→ Input records:
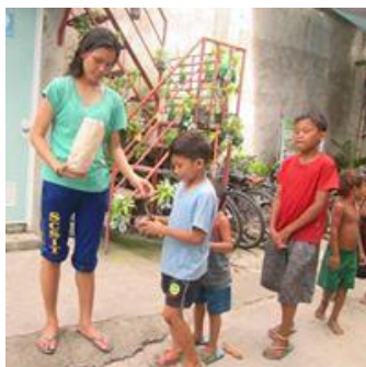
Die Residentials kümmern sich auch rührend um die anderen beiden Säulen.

* * *

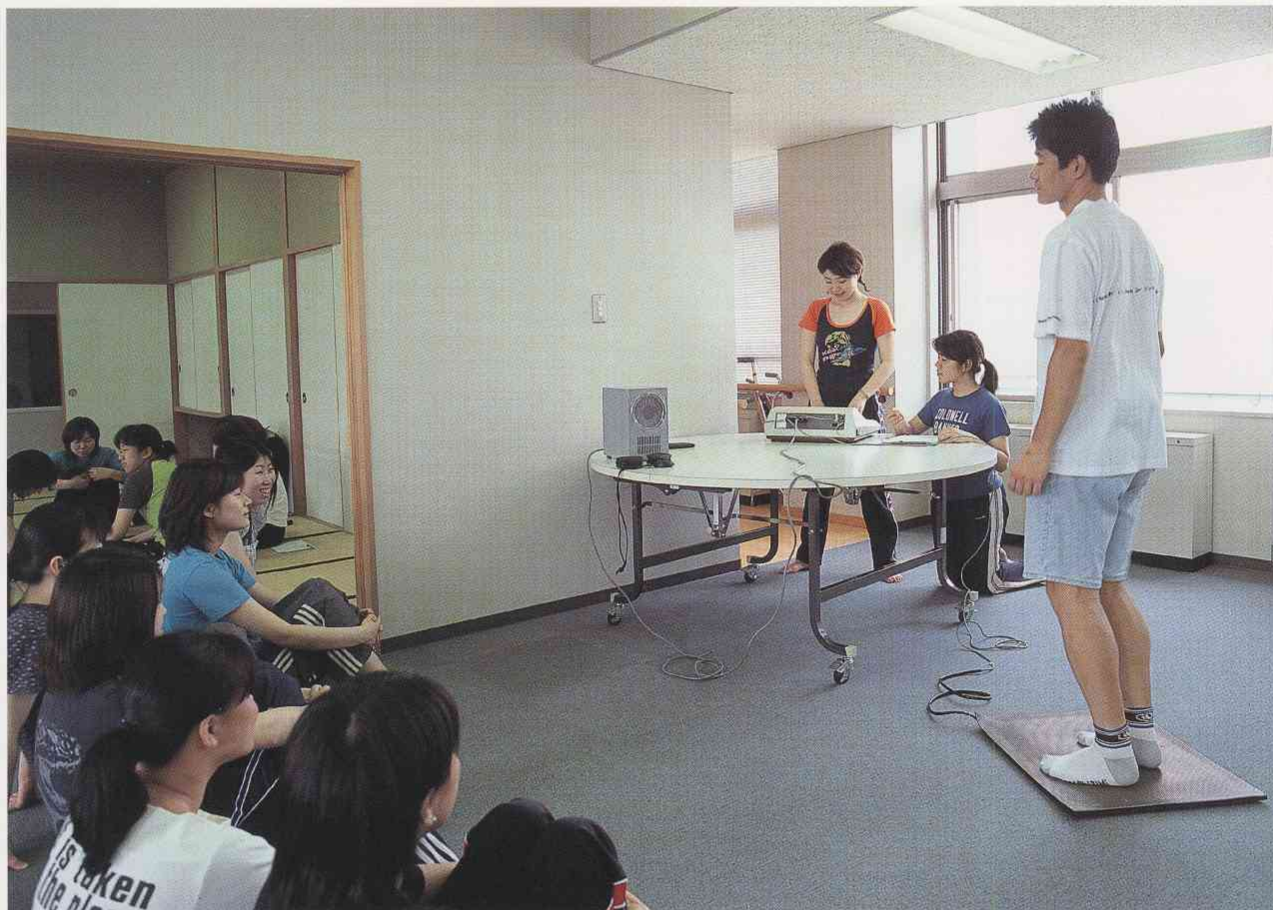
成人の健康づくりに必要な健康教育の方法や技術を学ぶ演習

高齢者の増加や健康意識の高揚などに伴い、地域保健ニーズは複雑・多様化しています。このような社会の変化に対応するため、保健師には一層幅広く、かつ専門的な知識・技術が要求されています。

→ Problem details:
In the records above, find the line with "成人の健康づくりに必要な健康教育の方法や技術を学ぶ演習"; write out exactly that line and each one after it, stopping after the line with "高齢者の増加や健康意識の高揚".

→ The answer:
成人の健康づくりに必要な健康教育の方法や技術を学ぶ演習

高齢者の増加や健康意識の高揚などに伴い、地域保健ニーズは複雑・多様化しています。このような社会の変化に対応するため、保健師には一層幅広く、かつ専門的な知識・技術が要求されています。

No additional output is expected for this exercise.